(Data excerpts)
Start of Block
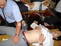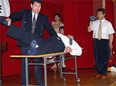 昨年の講習会は上肢を中心に行ったので、今年は腰や股・膝関節、大腿・下腿等の下肢部を中心に行われ、モデルを使ってテーピングをし、その模様をビデオに撮りプロジェクターで投影し、細かい動きまで大画面で確認しながらのセミナーでした。 |
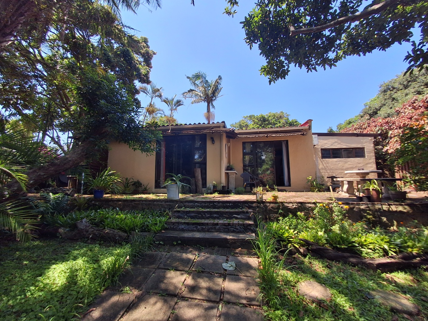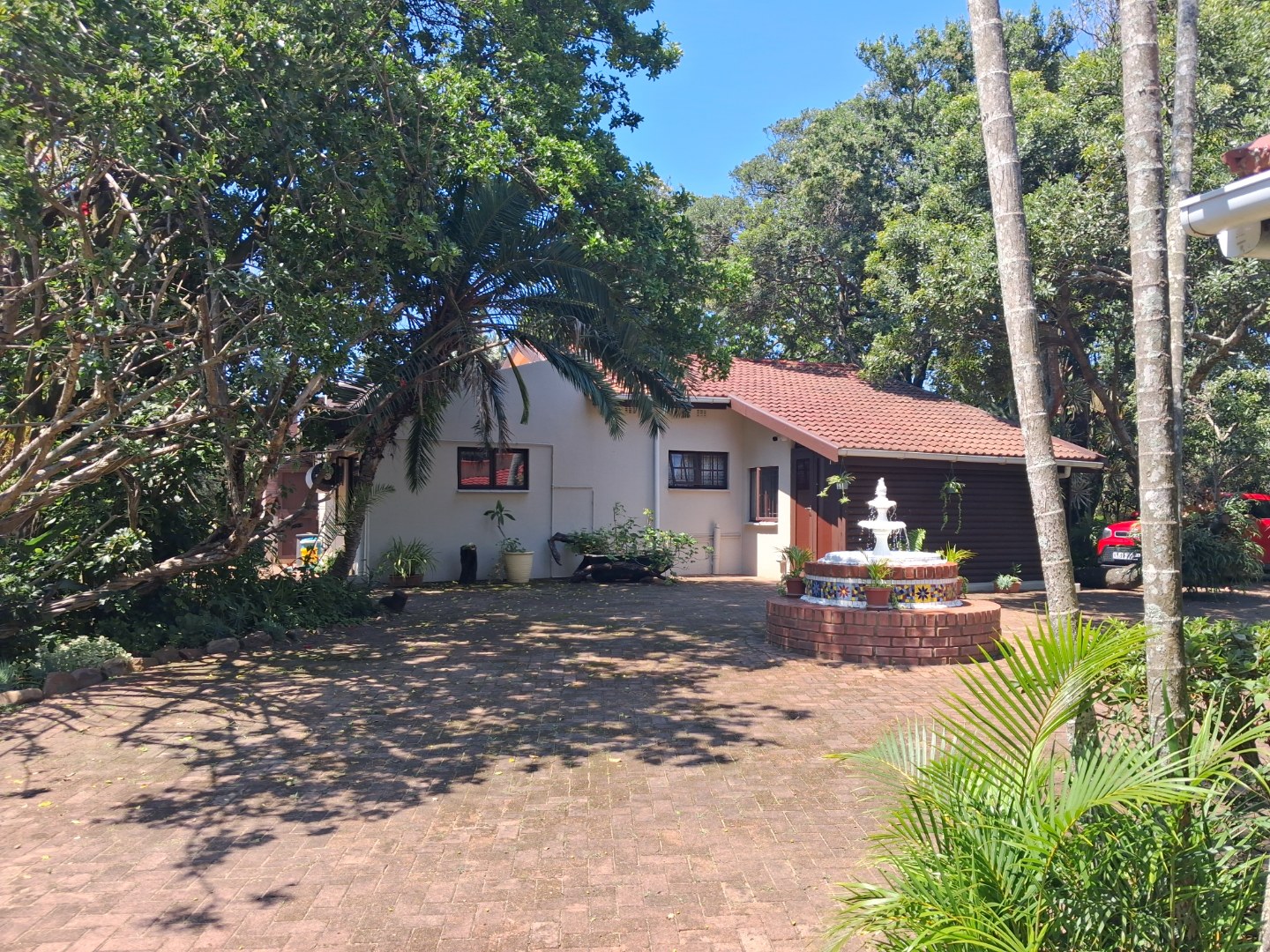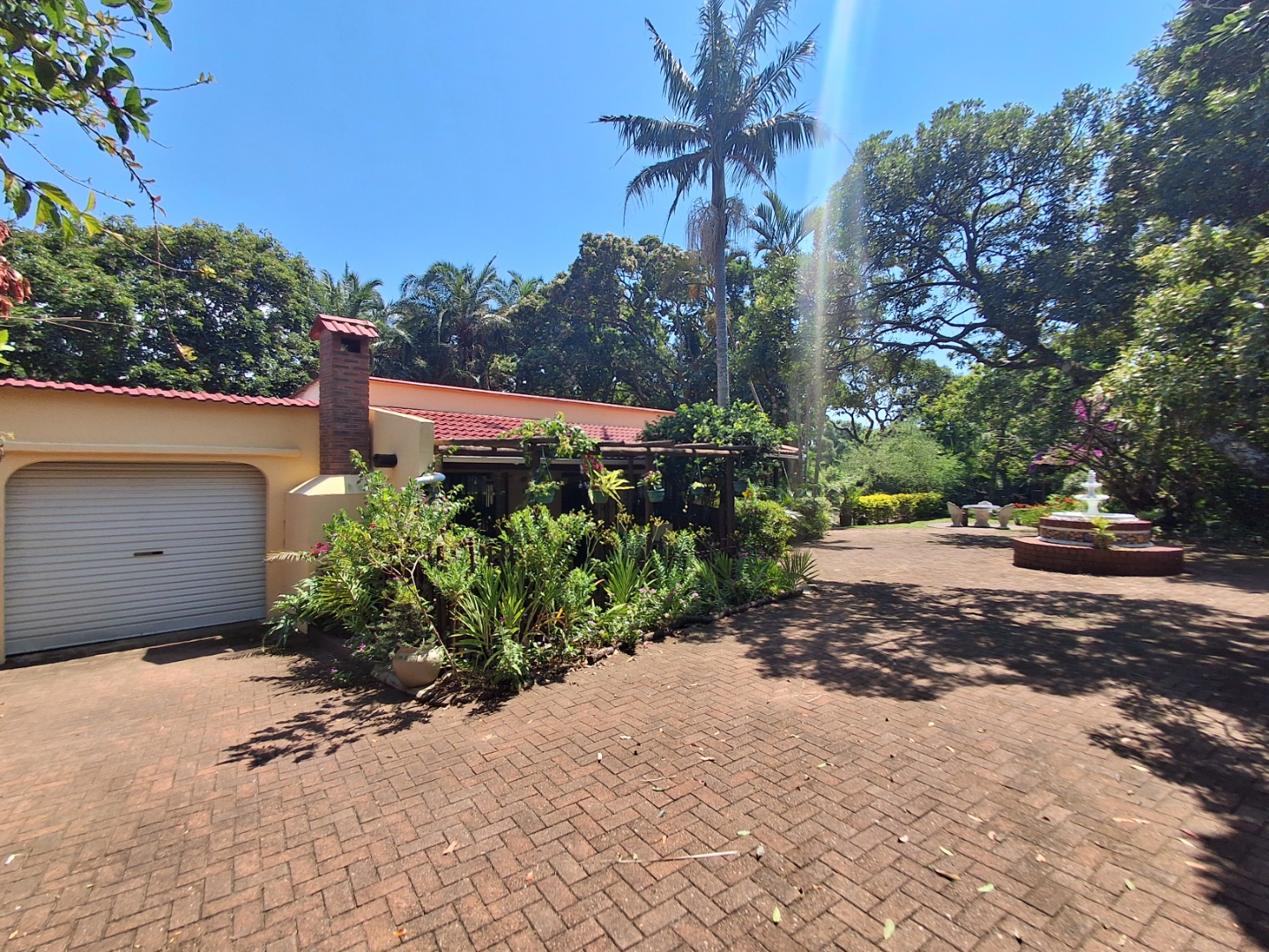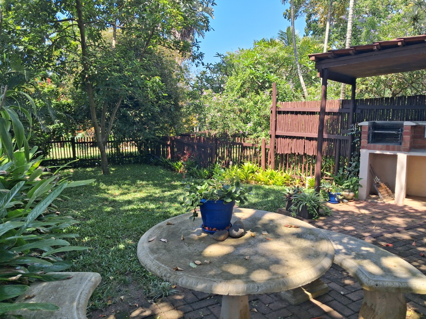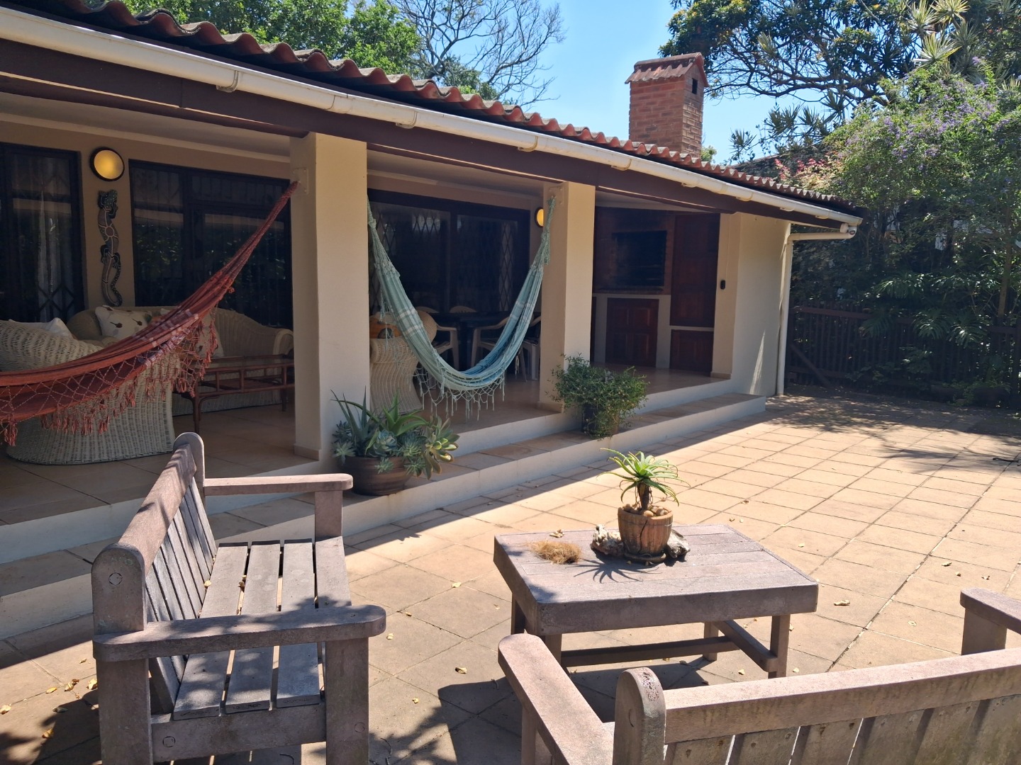 Outdoor living is a highlight, with a large, inviting tiled patio perfect for relaxation and social gatherings, as depicted in the photos. The mature, lush garden, complete with diverse trees and flowering plants, creates a private natural setting. Enjoy sunny days by the swimming pool or host a braai with the built-in braai facility. Ample paving, a single garage, and six additional parking spaces cater to all vehicle needs. Pets are welcome, making it an ideal family retreat.
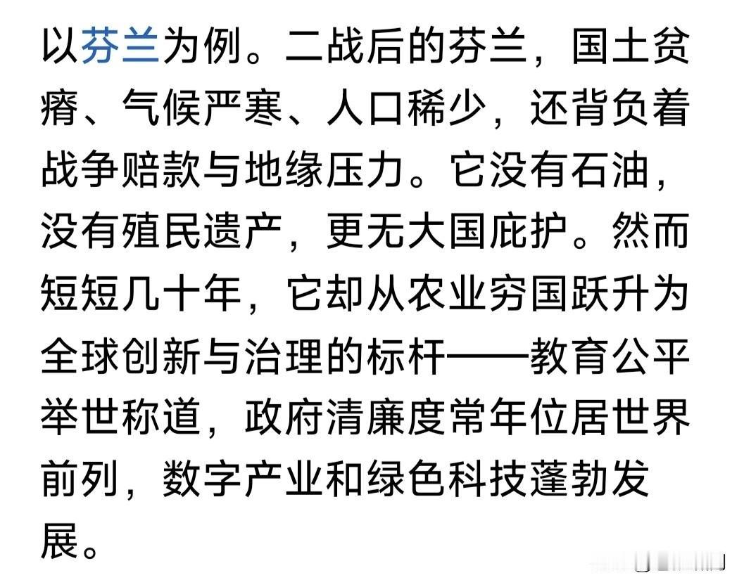 网友以芬兰为例,痛斥“发达国家/地缘/资源/机遇”论!刻意忽视了根本原因:制度设
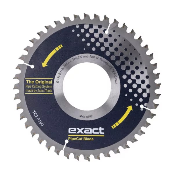 Диаметр 190мм, посадка 62мм, 44 зуба. Диск карбидо-вольфрамового типа. Подходит для резки пластиковых труб труборезом Р1000.
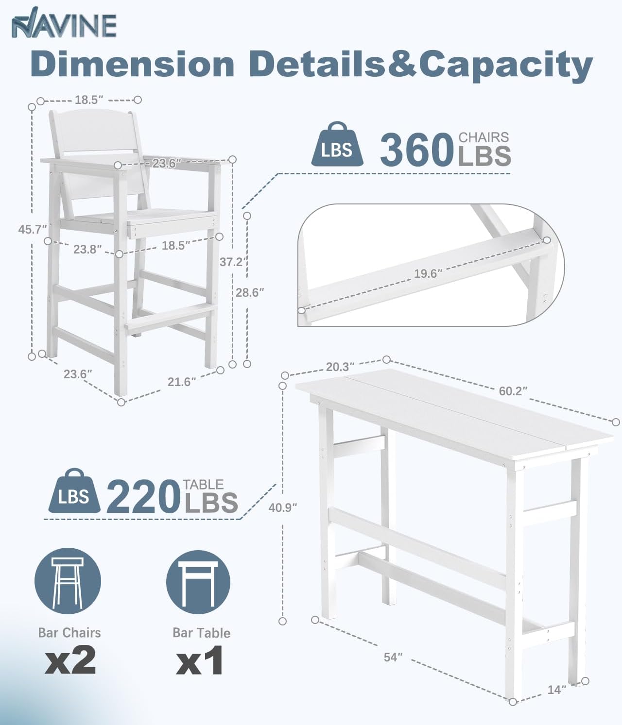 - Complete 3-Piece Bar Set: Includes 1 piece high-top patio table (60.2"L x 20.3"W x 40.9"H) and 2 pieces matching Adirondack bar chairs (23.6"W x 23.6"D x 45.7"H). Engineered heights provide optimal comfort and a wide view. Each chair holds 350 lbs, the table supports 220 lbs.
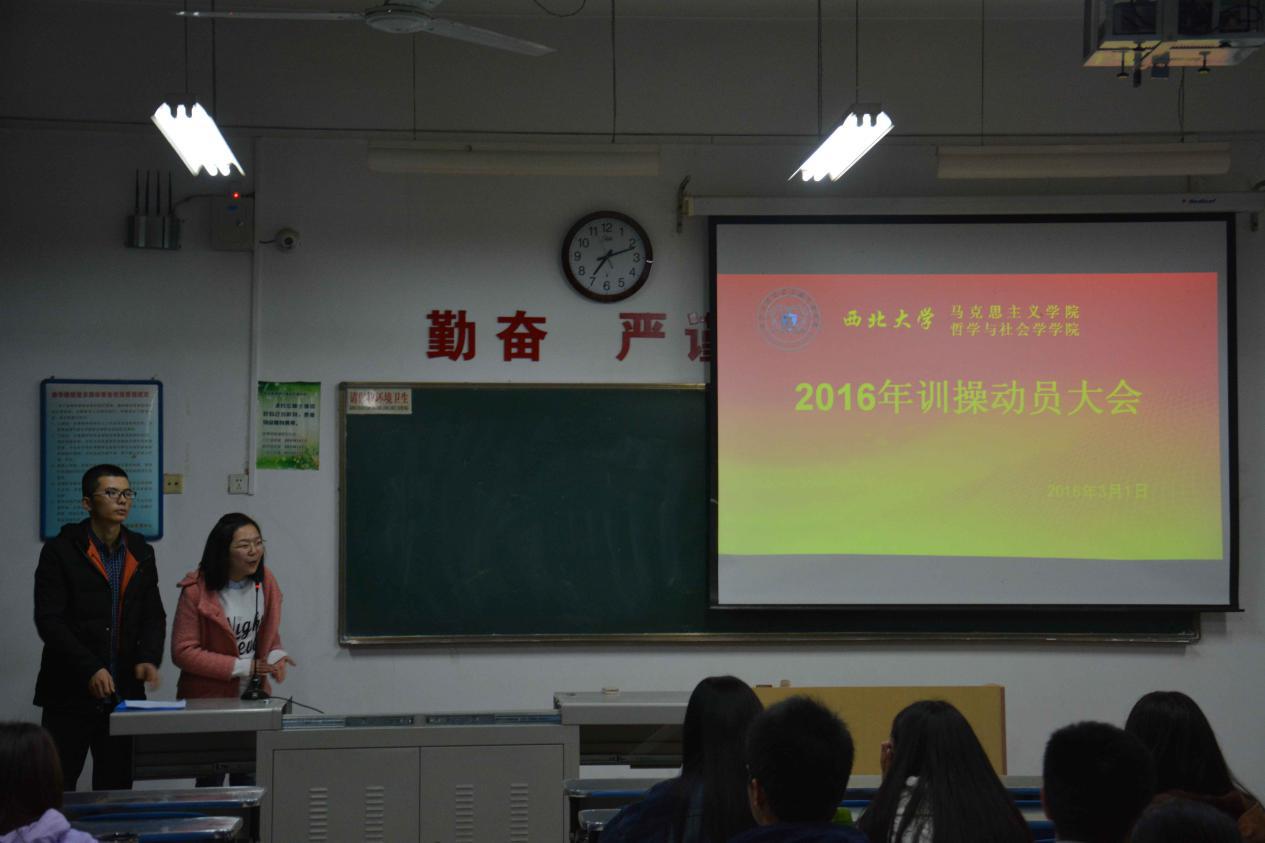 主训王晨阳和陈迪芳在讲台上说着,大家都在讲台下认真的听着,这一场训操的剧目,马上就要在阳光下——拉开帷幕。
End of Block
▶ **Prompt**
Only the lines from the one containing "Диаметр 190мм, посадка" through the end of the data above are to be output, exactly and without pictures.

▶ **Exercise response**
 Диаметр 190мм, посадка 62мм, 44 зуба. Диск карбидо-вольфрамового типа. Подходит для резки пластиковых труб труборезом Р1000.
 - Complete 3-Piece Bar Set: Includes 1 piece high-top patio table (60.2"L x 20.3"W x 40.9"H) and 2 pieces matching Adirondack bar chairs (23.6"W x 23.6"D x 45.7"H). Engineered heights provide optimal comfort and a wide view. Each chair holds 350 lbs, the table supports 220 lbs.
 主训王晨阳和陈迪芳在讲台上说着,大家都在讲台下认真的听着,这一场训操的剧目,马上就要在阳光下——拉开帷幕。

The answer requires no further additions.